Give back each line of the data exactly as it reads, minus the pictures.

^^^^^^^^^^^^^^^^

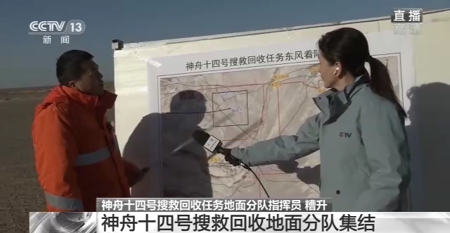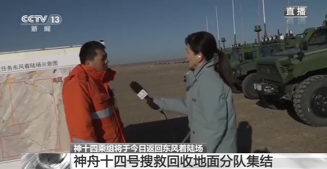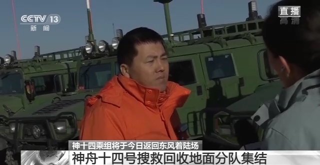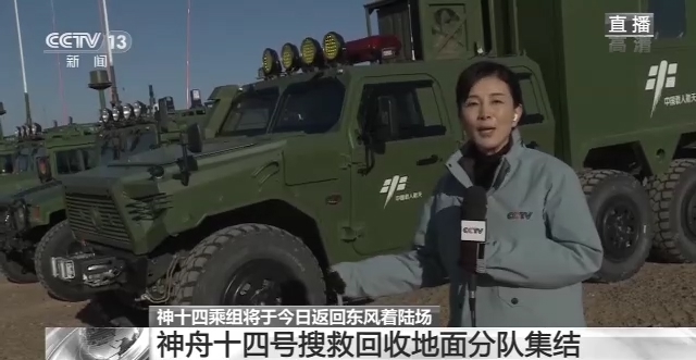 总台央视记者 刘洁:这里是搜救回收地面分队的集结点。随着神舟十四号返回时间的临近,东风着陆场的搜救力量也做好了充分的准备。搜救力量是由多个分队组成的,有空中分队、地面分队、机动分队等,每个分队都各有所长。他们先是自己分队进行小系统的训练,然后是空中和地面分队的合练,最后是全系统全要素的综合演练,可以说现在各个分队间的配合已经是非常默契。地面分队的主要任务就是对返回舱进行搜救,同时对航天员进行第一时间的医监医保处置,还有就是对返回舱后续的转运等相关的工作。
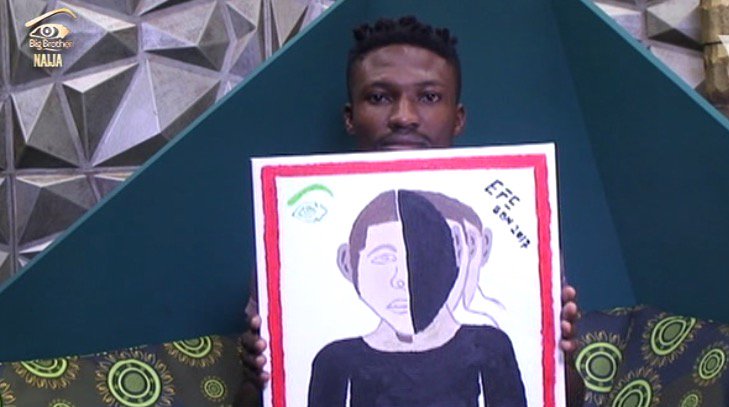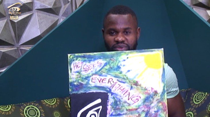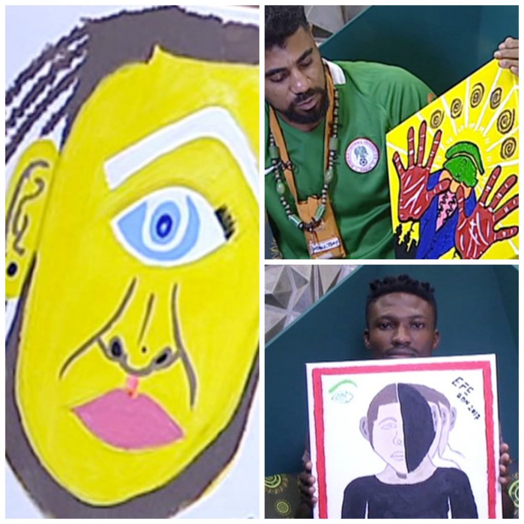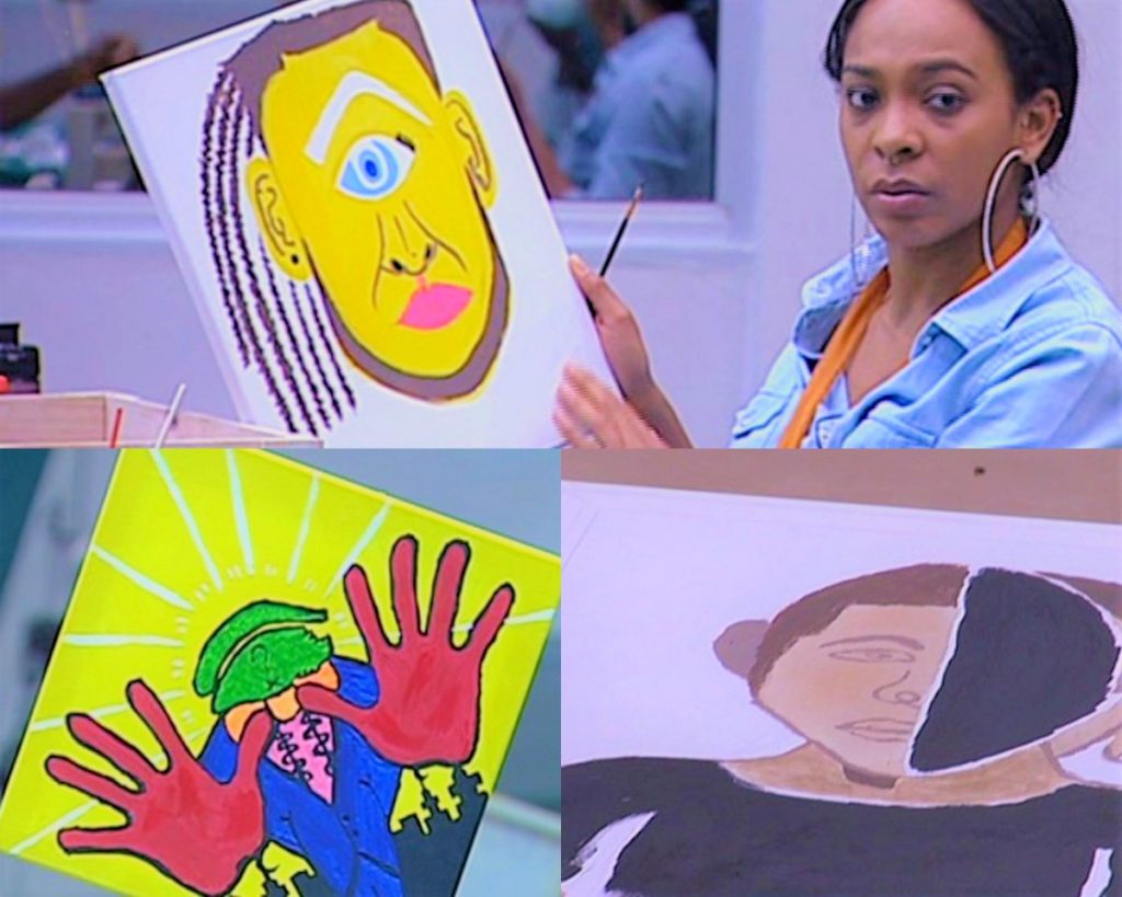 For today’s challenge the Housemates got asked to visually represent Big Brother’s omnipotent presence in a portrait of him. They were given paint, brushes and a blank canvas then tasked with letting their imaginations “run wild!”
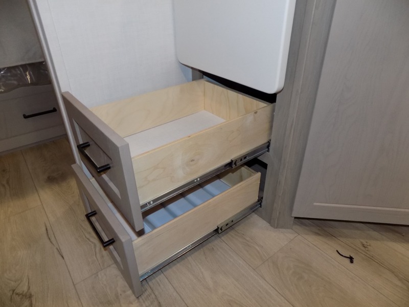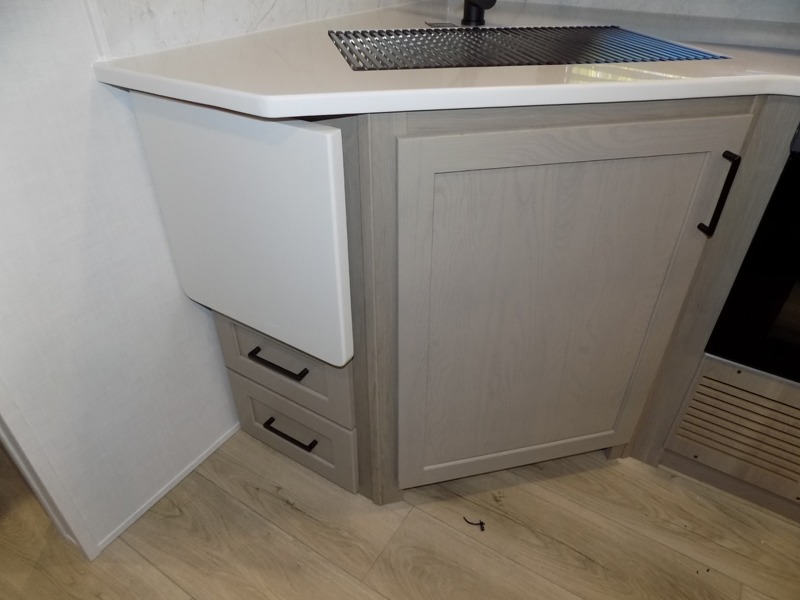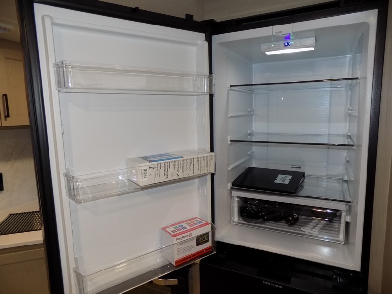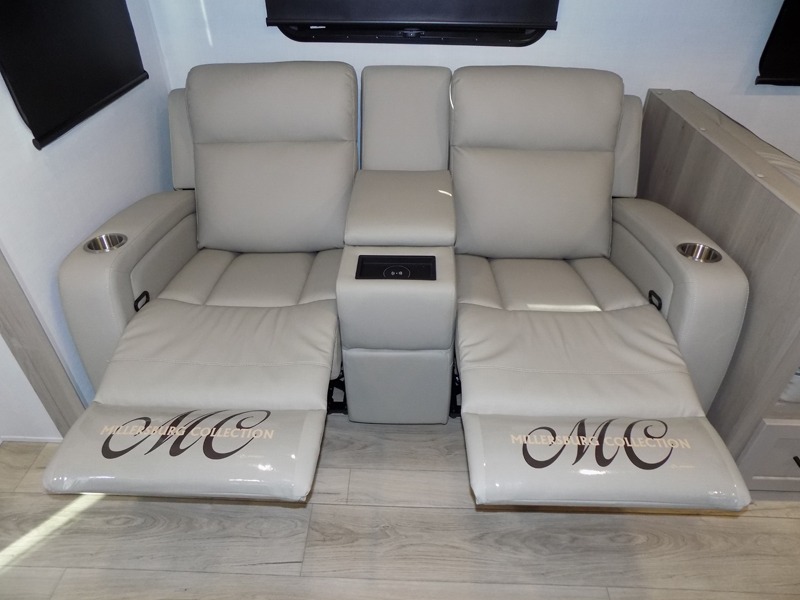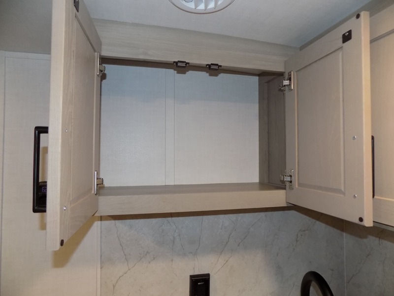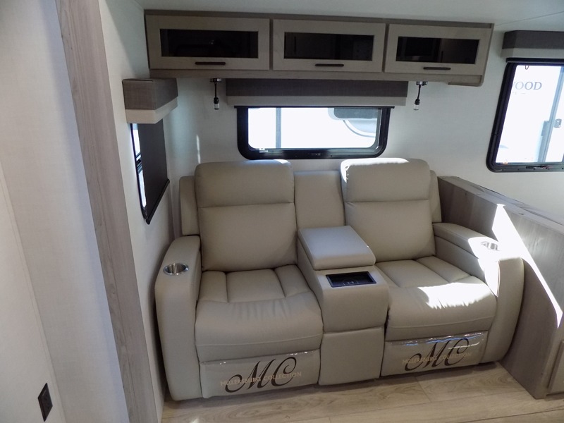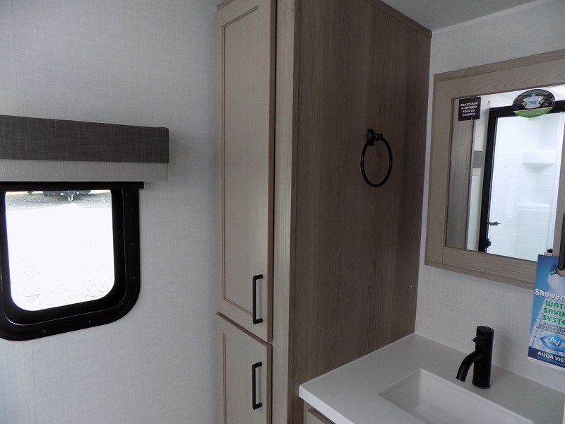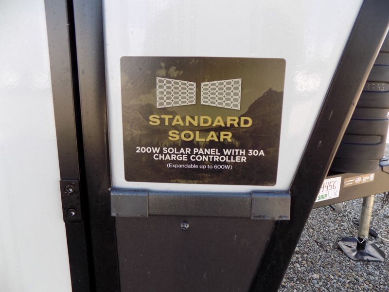 This trailer is the perfect couple's retreat with its private bedroom up front which includes a queen bed, a slide out wardrobe, and a TV option. The spacious rear full bathroom provides a shower and linen storage, and a space savings sliding door. The cook will have full amenities with ample counter space, a walk-in pantry for food storage, and a three burner range to cook meals on. If the weather is nice outside, you can turn on the outside speakers to enjoy music, and there is a 21' awning to relax under. Or you can stay inside to enjoy the fireplace and Smart TV! You will also appreciate the pass thru storage with an optional steel sliding tray to easily access gear!
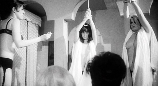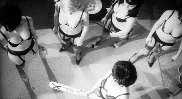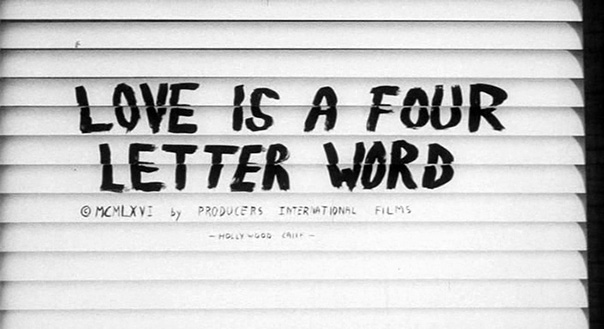 «Love is a Four Letter Word», aka The Love Girls (1966) appears to be the first full-length film to show a fetishistic sorority initiation ceremony. The hazing includes bondage, blindfolds, ice rubbing, and hard spanking with a big sorority paddle. A sexploitation gem by Bob Cresse and R. L. Frost. They specialized in harsh grindhouse «roughies», but this obscure film is more of a dark psychological study of repressed desire.
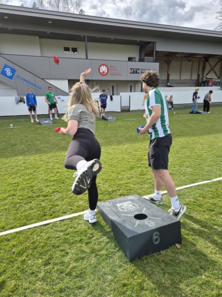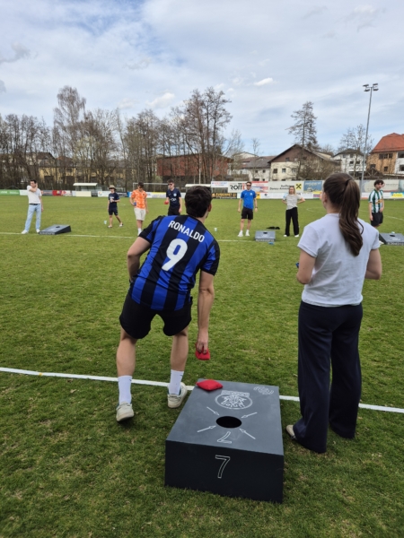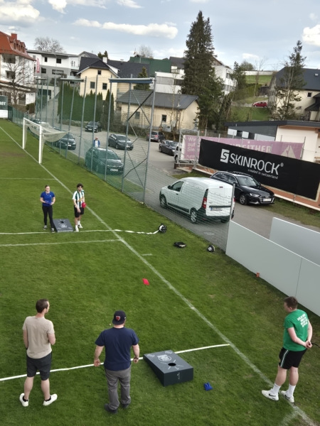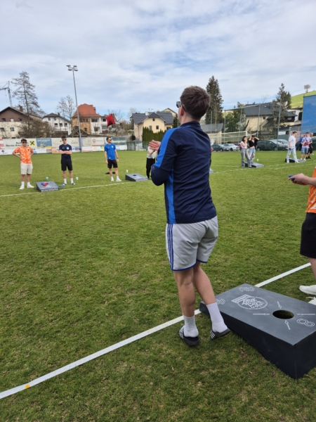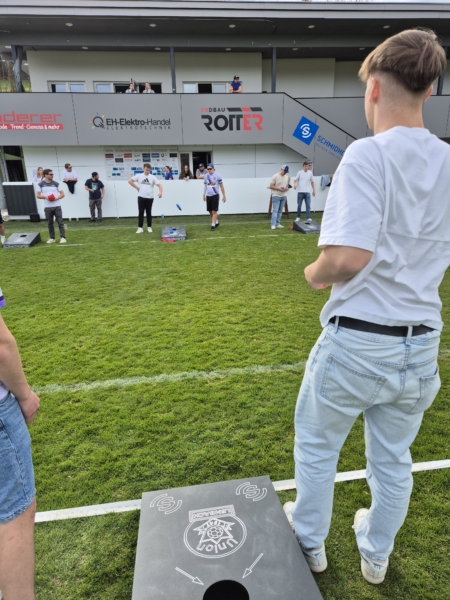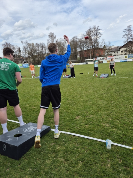 Nach einer offiziellen Begrüßung und Bekanntgabe der Turnierregeln durch unseren Obmann Robert Dietl wurde der Cornhole-Nachmittag von den beiden Turnierleitner Patrick Schürz und Jonas Hofmann eröffnet. Jedes Match dauerte acht Minuten, wer nach dieser Zeit die meisten (Differenz-)Punkte gesammelt hat, durfte drei Punkte in der Tabelle verbuchen, bei Gleichstand erhielten beide Teams einen Punkt. Die Gruppenphase bot jede Menge Abwechslung, auch die Ergebnisse hätten unterschiedlicher nicht sein können. Während beispielsweise Kathrin Mairhofer & Dominik Barth im Match gegen Laurin Altendorfer & Sebastian Pötscher mit einem Gesamtscore von 25:25 die Punkte teilten, holten sich Alex Mayer und Andreas Fuchs gegen Jakob Pechmann und Tobias Lauss mit einem 2:0 die drei Punkte. Den punktemäßig größten Unterschied holten Georg Lehner und Mario Lackinger beim 26:3 gegen Andreas Prieschl und Jonas Madlmayr.
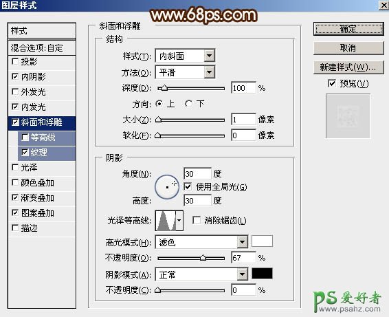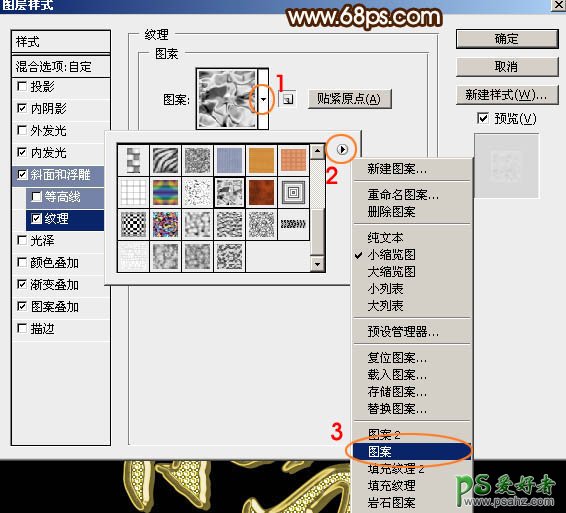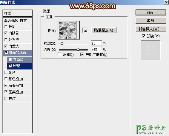 纹理:这是PS自带的图案,如果没有可以按照图20所示的方法载入。
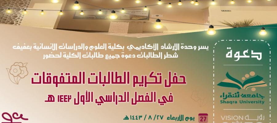 حفل تكريم الطالبات المتفوقات في الفصل الدراسي الأول 1443 هـ
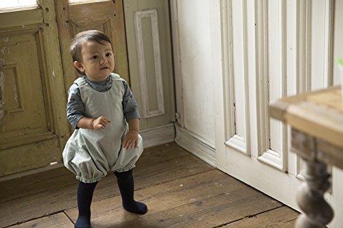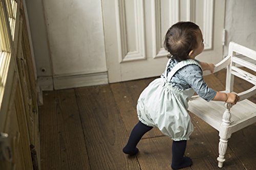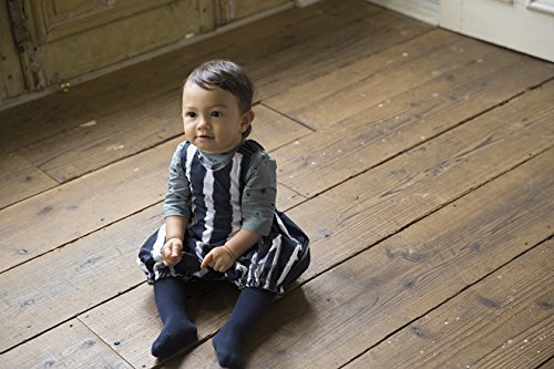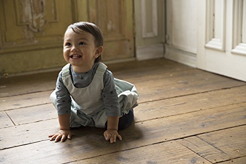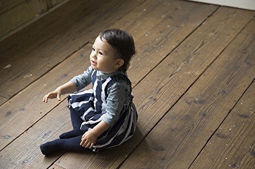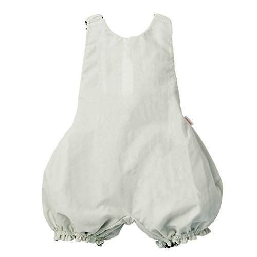お洋服としても使える、新素材を使ったお食事エプロン。 表は淡いカラーの単色、裏は子どもたちがらくがきしたような手描きのネイビーストライプ柄。印象ががらりと変わってたのしい、2WAYタイプです。 コットンのような質感でありながら、撥水・撥油の機能に優れたナイロン素材。ふっくらボリュームのおしりがかわいいオーバーオール型、ユニセックスなデザインです。 エプロンとしてはもちろん、汚れにくい日常着としても使っていただけます。ワンサイズ(70~80cm)のみ。 クロスしたバックストラップは、3段階のボタン留め仕様。サイズ調整が可能です。履き口だけでなく、この部分も伸縮自在。ボタンを外さずとも、着脱できます。
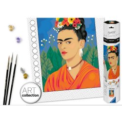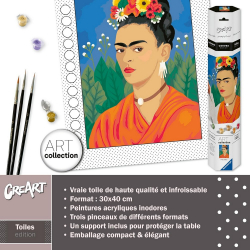 Coffret toile de peinture par numéros CreArt Ravensburger: Frida Kahlo. Tout le monde peut être un artiste avec la peinture par numéros ! Peignez pas à pas grâce aux champs de peinture numérotés et réalisez un véritable chef-d'œuvre. Vous serez fiers de dévoiler votre réalisation ! 30x40cm.
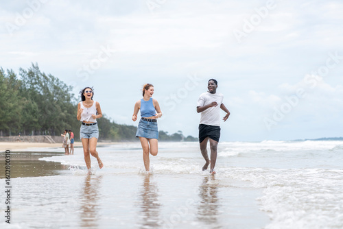 multiracial friends having fun on the beach,enjoy running in seashore together,smiling,laughing,people lifestyle,travel on summer vacations

^^^^^^^^^^^^^^^^

Response for this exercise:
 总台央视记者 刘洁:这里是搜救回收地面分队的集结点。随着神舟十四号返回时间的临近,东风着陆场的搜救力量也做好了充分的准备。搜救力量是由多个分队组成的,有空中分队、地面分队、机动分队等,每个分队都各有所长。他们先是自己分队进行小系统的训练,然后是空中和地面分队的合练,最后是全系统全要素的综合演练,可以说现在各个分队间的配合已经是非常默契。地面分队的主要任务就是对返回舱进行搜救,同时对航天员进行第一时间的医监医保处置,还有就是对返回舱后续的转运等相关的工作。
 For today’s challenge the Housemates got asked to visually represent Big Brother’s omnipotent presence in a portrait of him. They were given paint, brushes and a blank canvas then tasked with letting their imaginations “run wild!”
 This trailer is the perfect couple's retreat with its private bedroom up front which includes a queen bed, a slide out wardrobe, and a TV option. The spacious rear full bathroom provides a shower and linen storage, and a space savings sliding door. The cook will have full amenities with ample counter space, a walk-in pantry for food storage, and a three burner range to cook meals on. If the weather is nice outside, you can turn on the outside speakers to enjoy music, and there is a 21' awning to relax under. Or you can stay inside to enjoy the fireplace and Smart TV! You will also appreciate the pass thru storage with an optional steel sliding tray to easily access gear!
 «Love is a Four Letter Word», aka The Love Girls (1966) appears to be the first full-length film to show a fetishistic sorority initiation ceremony. The hazing includes bondage, blindfolds, ice rubbing, and hard spanking with a big sorority paddle. A sexploitation gem by Bob Cresse and R. L. Frost. They specialized in harsh grindhouse «roughies», but this obscure film is more of a dark psychological study of repressed desire.
 Nach einer offiziellen Begrüßung und Bekanntgabe der Turnierregeln durch unseren Obmann Robert Dietl wurde der Cornhole-Nachmittag von den beiden Turnierleitner Patrick Schürz und Jonas Hofmann eröffnet. Jedes Match dauerte acht Minuten, wer nach dieser Zeit die meisten (Differenz-)Punkte gesammelt hat, durfte drei Punkte in der Tabelle verbuchen, bei Gleichstand erhielten beide Teams einen Punkt. Die Gruppenphase bot jede Menge Abwechslung, auch die Ergebnisse hätten unterschiedlicher nicht sein können. Während beispielsweise Kathrin Mairhofer & Dominik Barth im Match gegen Laurin Altendorfer & Sebastian Pötscher mit einem Gesamtscore von 25:25 die Punkte teilten, holten sich Alex Mayer und Andreas Fuchs gegen Jakob Pechmann und Tobias Lauss mit einem 2:0 die drei Punkte. Den punktemäßig größten Unterschied holten Georg Lehner und Mario Lackinger beim 26:3 gegen Andreas Prieschl und Jonas Madlmayr.
 纹理:这是PS自带的图案,如果没有可以按照图20所示的方法载入。
 حفل تكريم الطالبات المتفوقات في الفصل الدراسي الأول 1443 هـ
お洋服としても使える、新素材を使ったお食事エプロン。 表は淡いカラーの単色、裏は子どもたちがらくがきしたような手描きのネイビーストライプ柄。印象ががらりと変わってたのしい、2WAYタイプです。 コットンのような質感でありながら、撥水・撥油の機能に優れたナイロン素材。ふっくらボリュームのおしりがかわいいオーバーオール型、ユニセックスなデザインです。 エプロンとしてはもちろん、汚れにくい日常着としても使っていただけます。ワンサイズ(70~80cm)のみ。 クロスしたバックストラップは、3段階のボタン留め仕様。サイズ調整が可能です。履き口だけでなく、この部分も伸縮自在。ボタンを外さずとも、着脱できます。
 Coffret toile de peinture par numéros CreArt Ravensburger: Frida Kahlo. Tout le monde peut être un artiste avec la peinture par numéros ! Peignez pas à pas grâce aux champs de peinture numérotés et réalisez un véritable chef-d'œuvre. Vous serez fiers de dévoiler votre réalisation ! 30x40cm.
 multiracial friends having fun on the beach,enjoy running in seashore together,smiling,laughing,people lifestyle,travel on summer vacations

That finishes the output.